As televised sketch comedy, The State unexpectedly and uproariously combined juvenile humor and intellect. Sketches such as “Hormones” and “Tenement” were great examples of this style, and “Hi Brow/Low Brow” directly confronted critics’ comments about the polarity. State members David Wain, Michael Showalter, and Michael Ian Black — collectively known as Stella — continued in this fashion after The State ended, defining their approach as, “Dumb comedy dressed up in a suit.” Unfortunately, Comedy for Gracious Living is heavy with dumb comedy and a bit too lacking in suit.

Tracks like “Barbershop Tourettes”, “The Koo-Koo Koach In ‘Half-Time Hilarity’ ”, and “Which Would You Rather Do?” use language that would not have been allowed on MTV in 1996, but the group fails to capitalize on the chance to go blue. Although the comedians seem to enjoy cursing indiscriminately (indeed, making it the very basis for “Barbershop Tourettes”), they sacrifice wit for shock. There are traces of the group’s grasp of irony in “Koo-Koo Koach…” and “Which Would You Rather Do?” but the bits sink under the weight of their coarseness.

Other material fares much better but would clearly benefit from a visual counterpart. “Jailbreak”, “The Kendalpants Manor Affair: A Sherlock Holmes Mystery”, and “Stadium Seats” play like televised pieces with the images removed. The quite funny and distinctive characters of “Jailbreak” would be particularly successful on screen, so their humor on record is entertaining yet also seems like a missed opportunity.

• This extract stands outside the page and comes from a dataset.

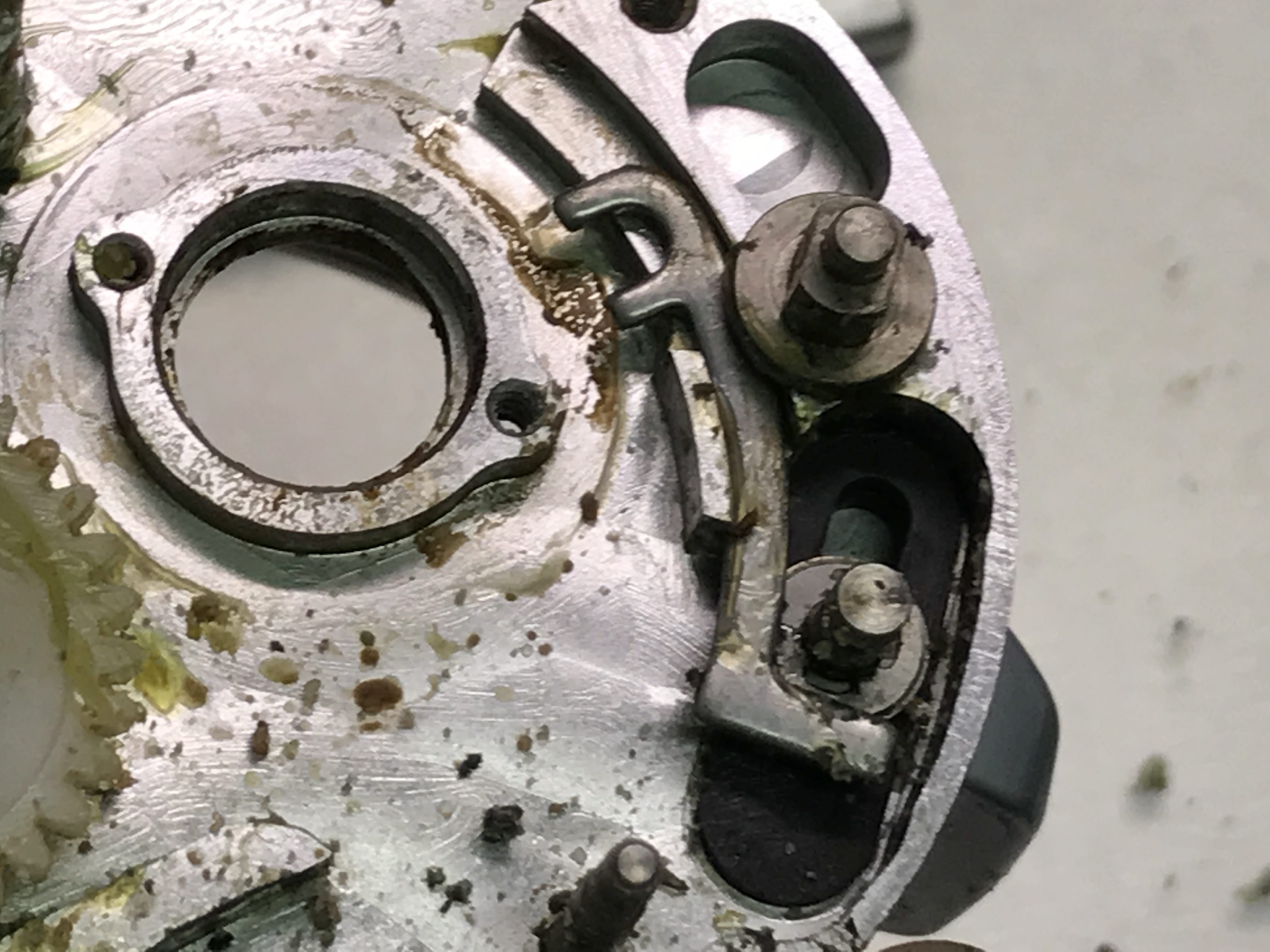 소금과 구리스 오염물질들이 싸여서 아에 고착을 지나 시멘트처럼 됐습니다.

The best tracks on Comedy for Gracious Living utilize clever structures for improvisation and maximize the audio-only format to generate hilarious characters and aural images. “The Late Mr. & Mrs. Balloon” is ingenious — a one-minute tragicomedy about Mr. Balloon’s perilous decision to shave. “Laurie Anderson Song” and “Houston” tweak familiar sonic structures (experimental music and mission control communication, respectively) with content that transforms the listener’s associations with those otherwise serious forms.

Some of these routines reinforce the comedians’ reputations for being influential and ahead of their time. “Zucchini Bread” mines territory that Adam Buxton and Joe Cornish would define a decade later as “surprise willy slipper paranoia”. The outrageous “Animal Sounds”, a kid’s song featuring dreadful animal noises, is even more uncompromising than Maria Bamford’s similar “Old MacDonald”/pterodactyl bit.

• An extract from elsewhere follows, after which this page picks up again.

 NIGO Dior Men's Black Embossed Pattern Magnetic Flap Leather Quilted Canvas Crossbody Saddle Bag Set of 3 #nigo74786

Finally, while the improvisation doesn’t always highlight the group’s strengths (and in the case of “Skip This Track (They Were Drunk)”, completely derails them), there are some moments of spontaneity that justify the approach. The best of these is “Goin’ Off”, in which an admissions interview for Kingston College unearths the enthusiasm of two meat-head applicants/white rappers who are partial to the phrase “goin’ off” and the SAT vocabulary word “unctuous”. Michael Showalter makes a valiant attempt to keep his composure, but the exchange is so aggressive and ridiculous that he bursts into laughter around the same time the listener likely will.

The members of The State have continued to produce inspired works of film, television, web, and theatrical comedy in the years since their MTV heyday and the sessions for Comedy for Gracious Living. Their success in the past couple of decades has doubtlessly resulted in the release of this album. The exclusive release by Rhino Handmade honors the group’s comedic legacy by presenting the CD in an extensive foldout package that includes fanciful remembrances by the cast. Some of this written material is funnier than what appears on the disc, and in a certain way, that legitimizes the physical release. Though only about half of the tracks on the album live up to the reputation of The State, it is worthwhile to have access to the group’s Bahamas bacchanalia, which might be called the final missing piece of their 1990s juvenilia.